Data block:
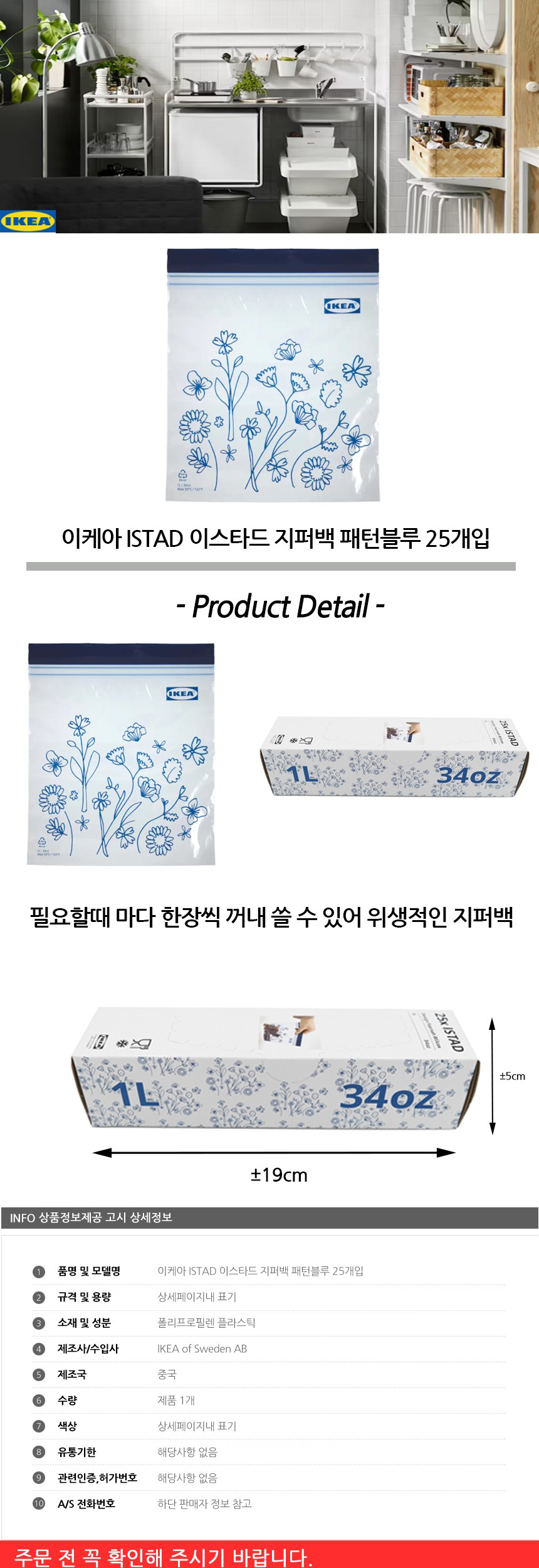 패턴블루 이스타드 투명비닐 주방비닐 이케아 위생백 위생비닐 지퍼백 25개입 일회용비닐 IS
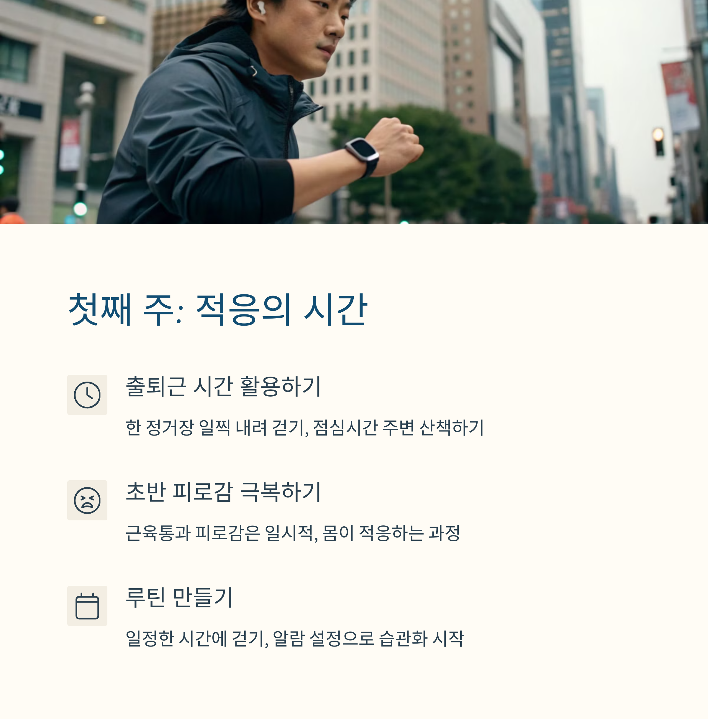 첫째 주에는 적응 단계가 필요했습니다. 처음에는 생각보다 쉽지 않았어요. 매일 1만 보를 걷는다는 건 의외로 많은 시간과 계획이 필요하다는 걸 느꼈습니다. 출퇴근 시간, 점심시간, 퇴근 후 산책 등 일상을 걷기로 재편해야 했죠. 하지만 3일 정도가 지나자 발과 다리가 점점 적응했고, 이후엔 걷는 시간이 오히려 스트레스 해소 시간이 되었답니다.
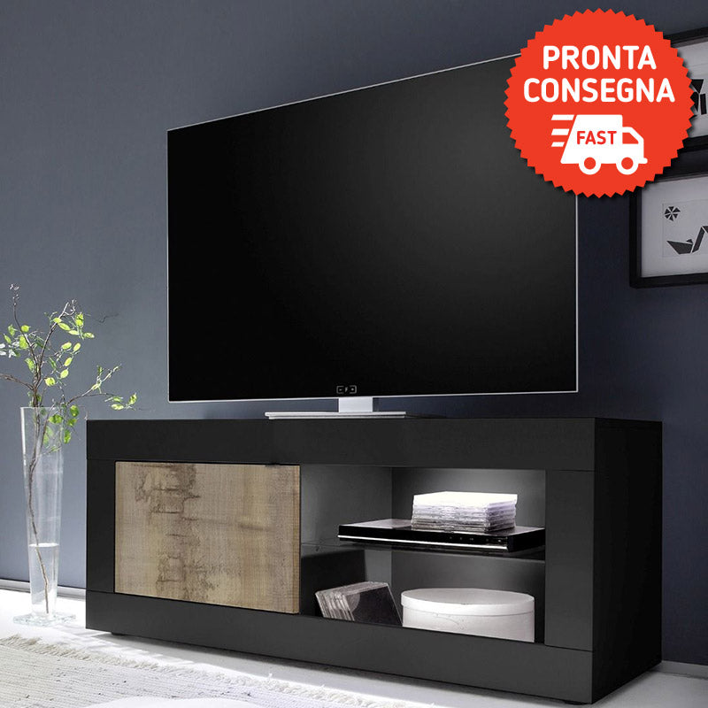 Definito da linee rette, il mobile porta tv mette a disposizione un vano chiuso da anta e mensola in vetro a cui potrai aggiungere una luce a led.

What is being asked:
For this exercise, reproduce the data above exactly from the line containing "첫째 주에는 적응 단계가" through its final line, both ends included, with no pictures in the copy.

Exercise output:
 첫째 주에는 적응 단계가 필요했습니다. 처음에는 생각보다 쉽지 않았어요. 매일 1만 보를 걷는다는 건 의외로 많은 시간과 계획이 필요하다는 걸 느꼈습니다. 출퇴근 시간, 점심시간, 퇴근 후 산책 등 일상을 걷기로 재편해야 했죠. 하지만 3일 정도가 지나자 발과 다리가 점점 적응했고, 이후엔 걷는 시간이 오히려 스트레스 해소 시간이 되었답니다.
 Definito da linee rette, il mobile porta tv mette a disposizione un vano chiuso da anta e mensola in vetro a cui potrai aggiungere una luce a led.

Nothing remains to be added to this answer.